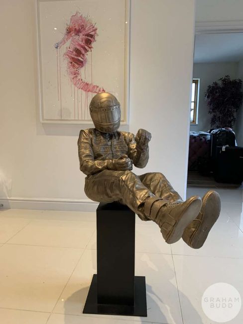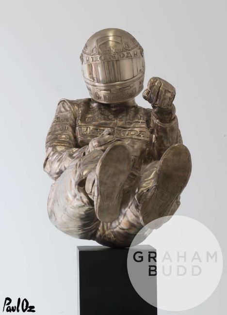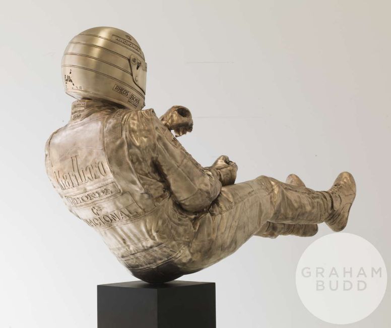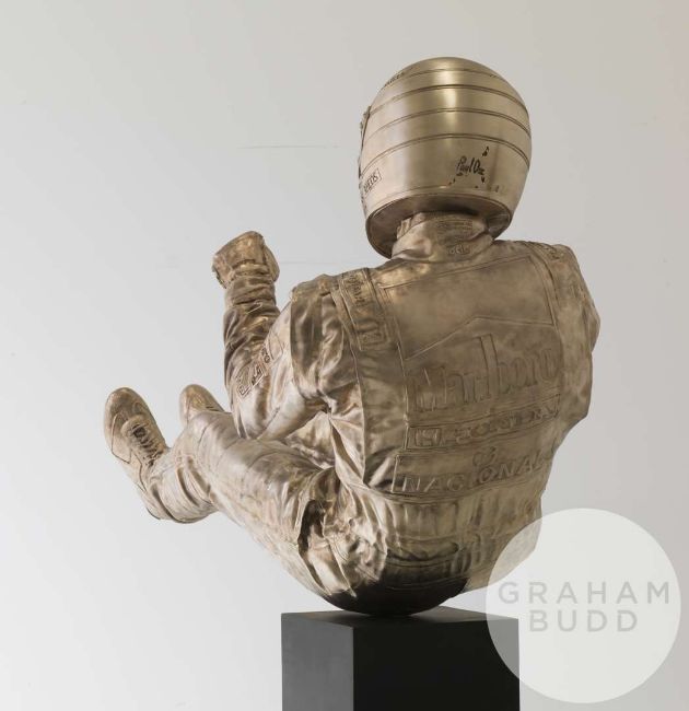 Senna ‘Eau Rouge’ bronze by Paul Oz, an identical 60% scale version of the life-size statue that stands next to Ayrton Senna’s car on McLaren’s MTC Boulevard. One of an edition of 41 marking Senna’s F1 race victory tally, 105 x 108 x 46cm., 35kg. bronze.
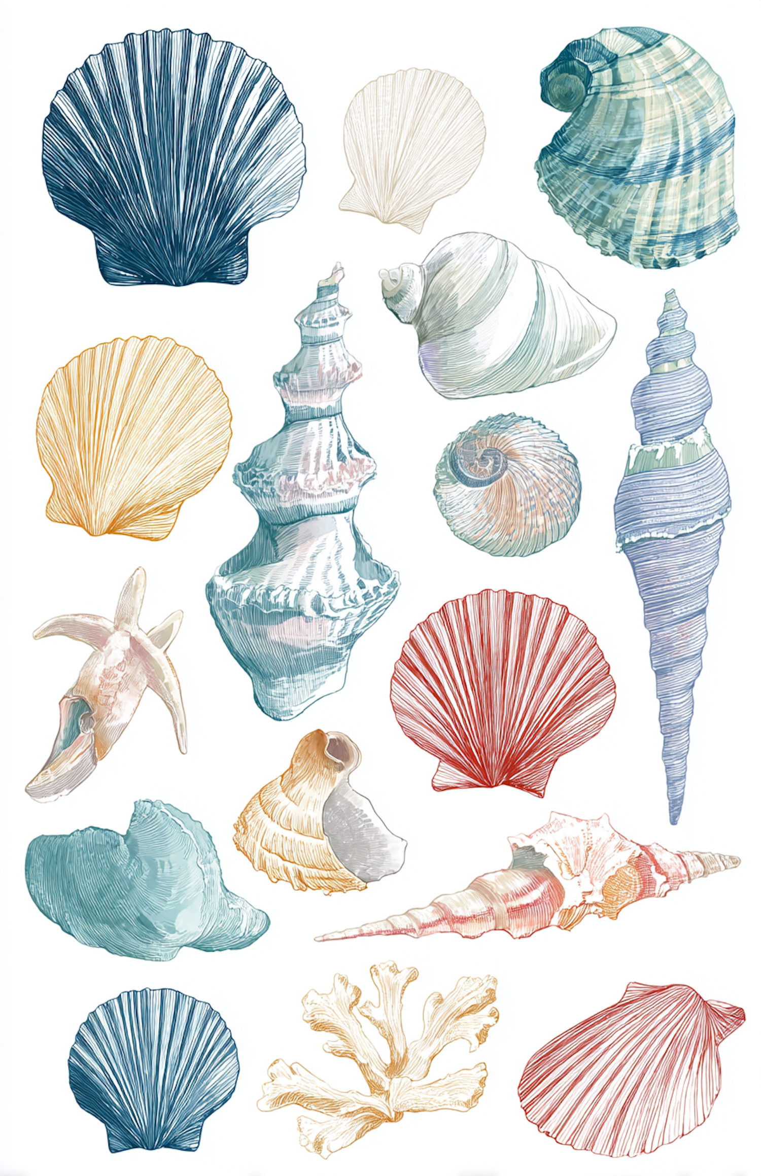 Elegant illustrations of diverse seashells in blue, red, and yellow tones, set on a clean white background, showcasing oceanic beauty.
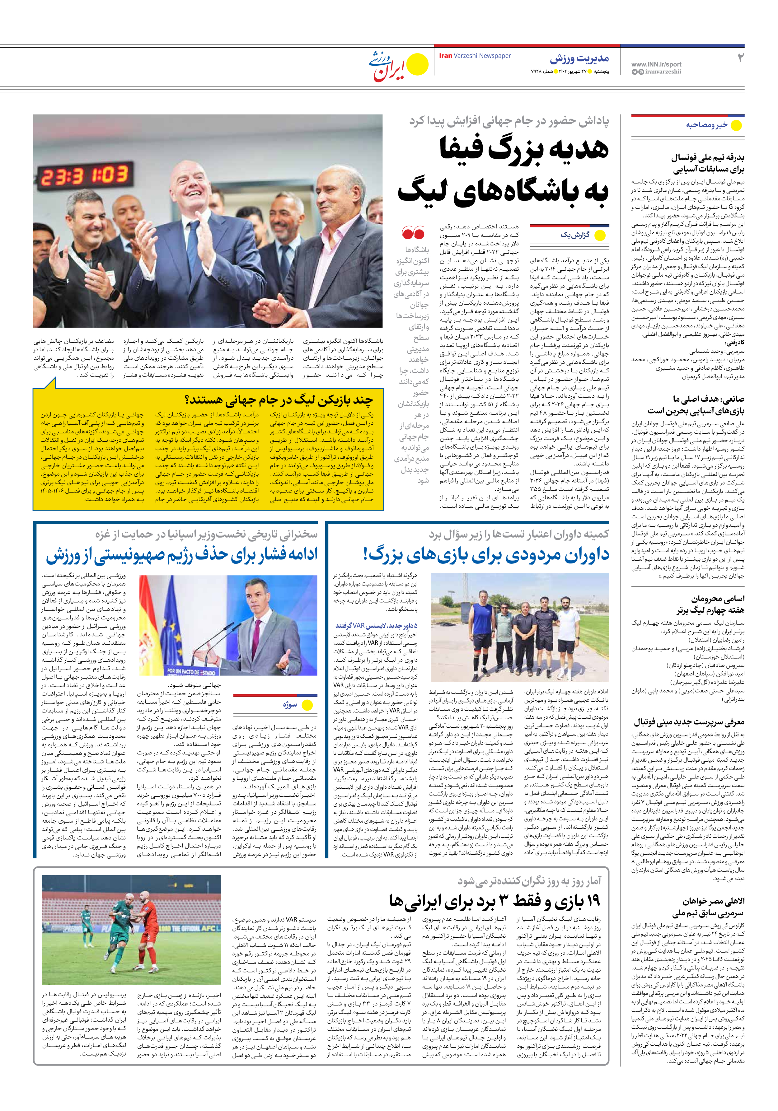 روزنامه ایران ورزشی - شماره هفت هزار و نهصد و بیست و هشت - ۲۷ شهریور ۱۴۰۴ - صفحه ۲
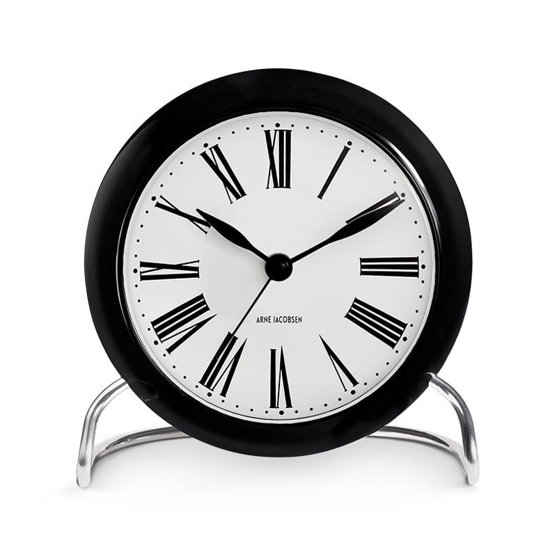 I tillegg til å være arkitekt var Arne Jacobsen en total designer som tegnet alt til sine prosjekter. Hans bordklokke for LK ble opprinnelig laget i 1939 med to forskjellige urskiver. Urskiven med romertall var forløperen til den senere berømte romerske klokken til Aarhus rådhus. Det grafiske uttrykket på den romerske urskiven og metallfoten, tydelig inspirert av stolene Ant og Syver, gjør klokken til en opplagt gaveidé for designelskere. Klokken passer inn i ethvert moderne hjem, og med oppdaterte funksjoner som snooze og lyssensor er den en effektiv vekkerklokke til nattbordet.
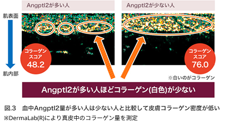 実際に、Angptl2量と皮膚のコラーゲン量の関係を調べたところ、Angptl2量が多い人ほど、コラーゲン密度が低下していることが確認されました。
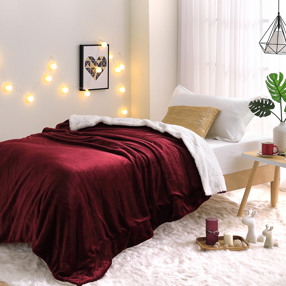 LAMINA 法蘭羊羔絨暖暖被_酒紅
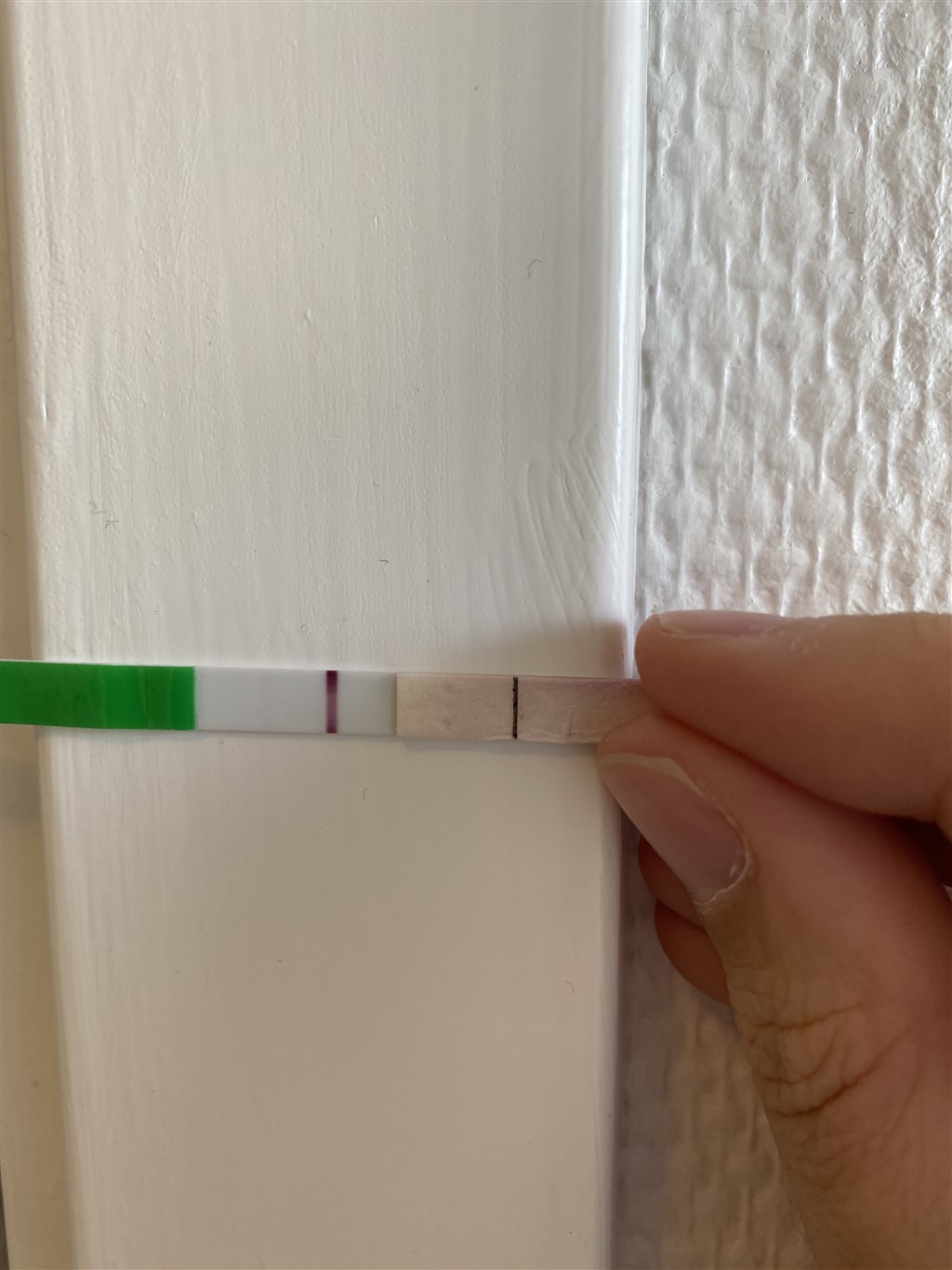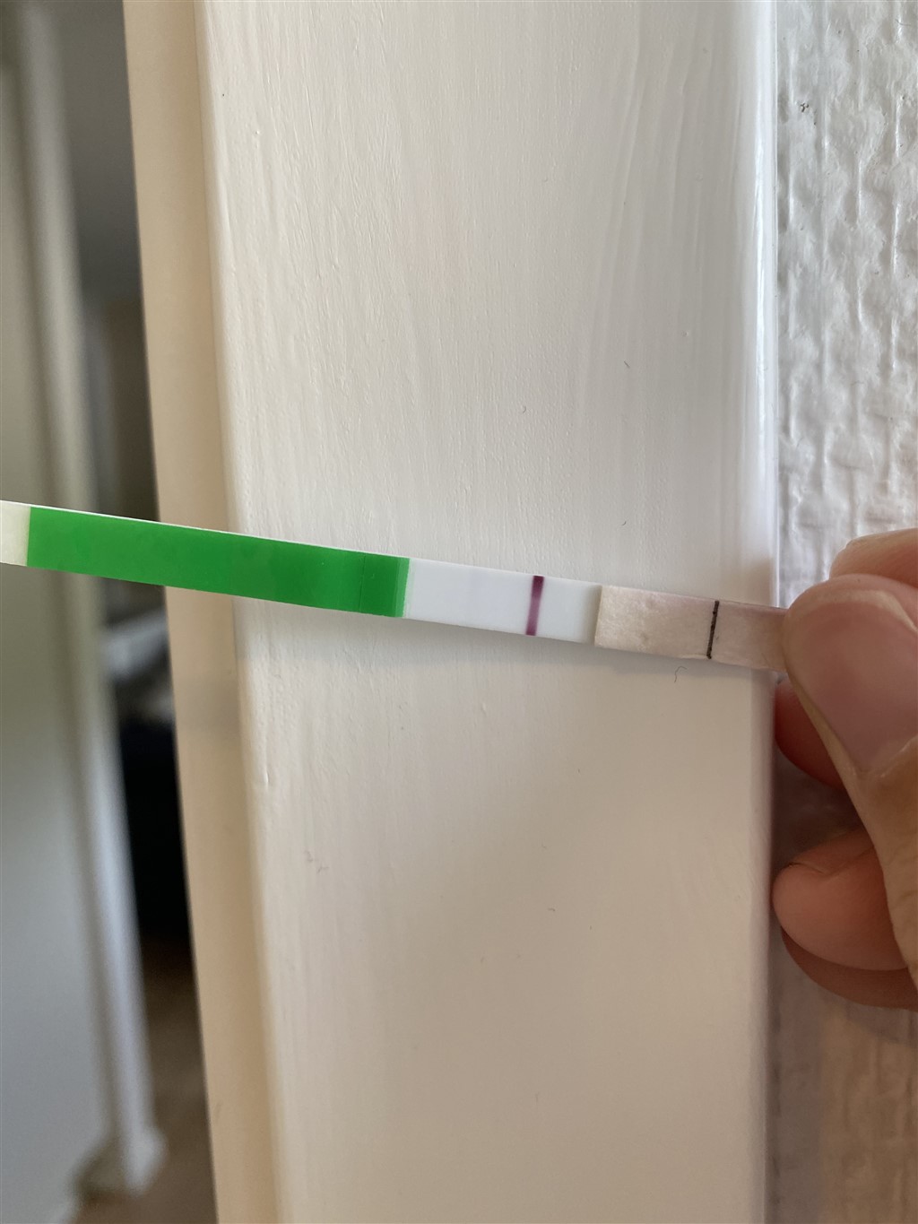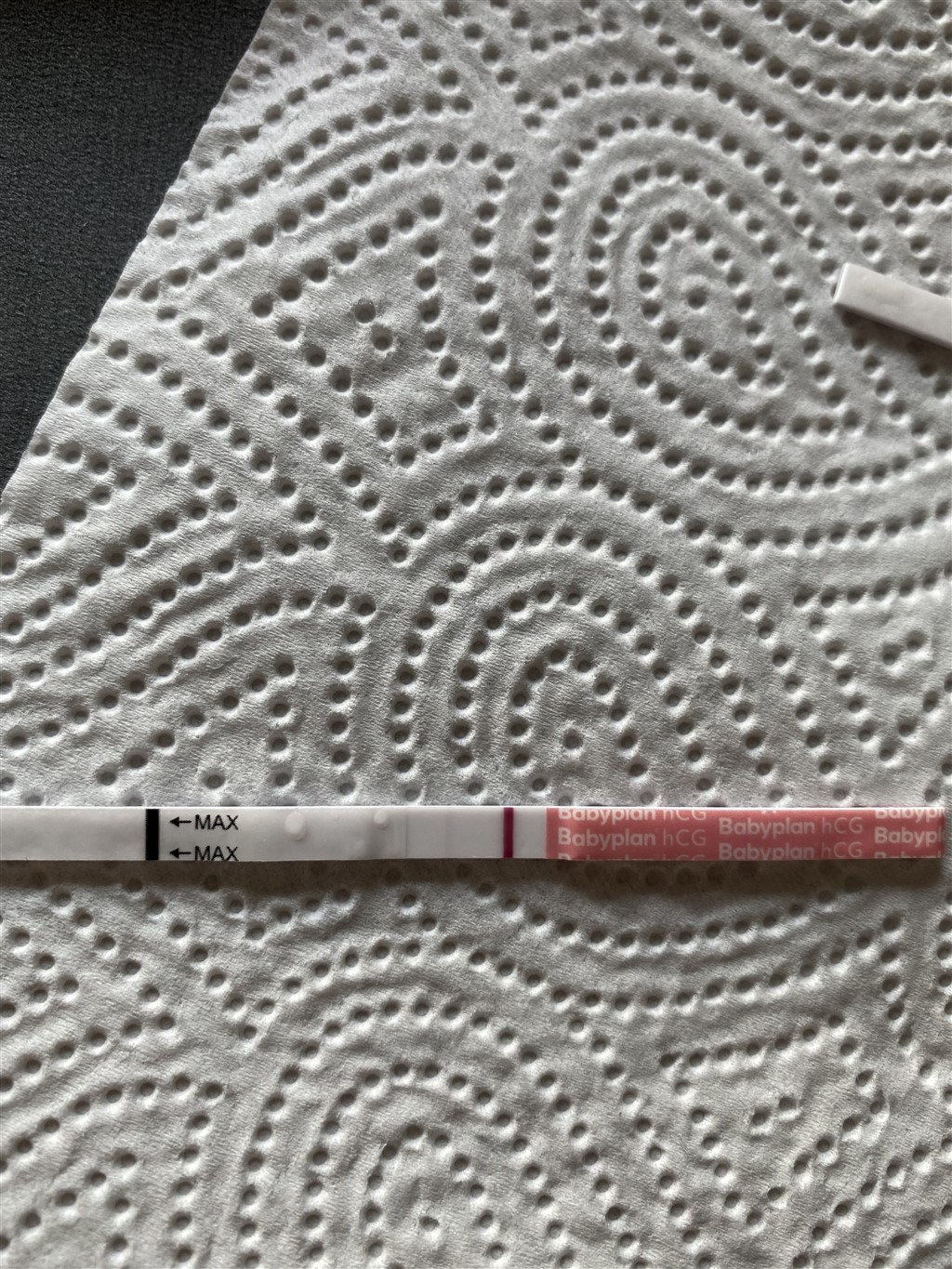 Sådan så min første test ud i denne graviditet, forsigtigt vil jeg sige tillykke, for den er positiv

What you need to do:
Only the lines from the one that holds "実際に、Angptl2量と皮" through the final line of the material should be reproduced, word for word, with the pictures omitted.

Result for this exercise:
 実際に、Angptl2量と皮膚のコラーゲン量の関係を調べたところ、Angptl2量が多い人ほど、コラーゲン密度が低下していることが確認されました。
 LAMINA 法蘭羊羔絨暖暖被_酒紅
 Sådan så min første test ud i denne graviditet, forsigtigt vil jeg sige tillykke, for den er positiv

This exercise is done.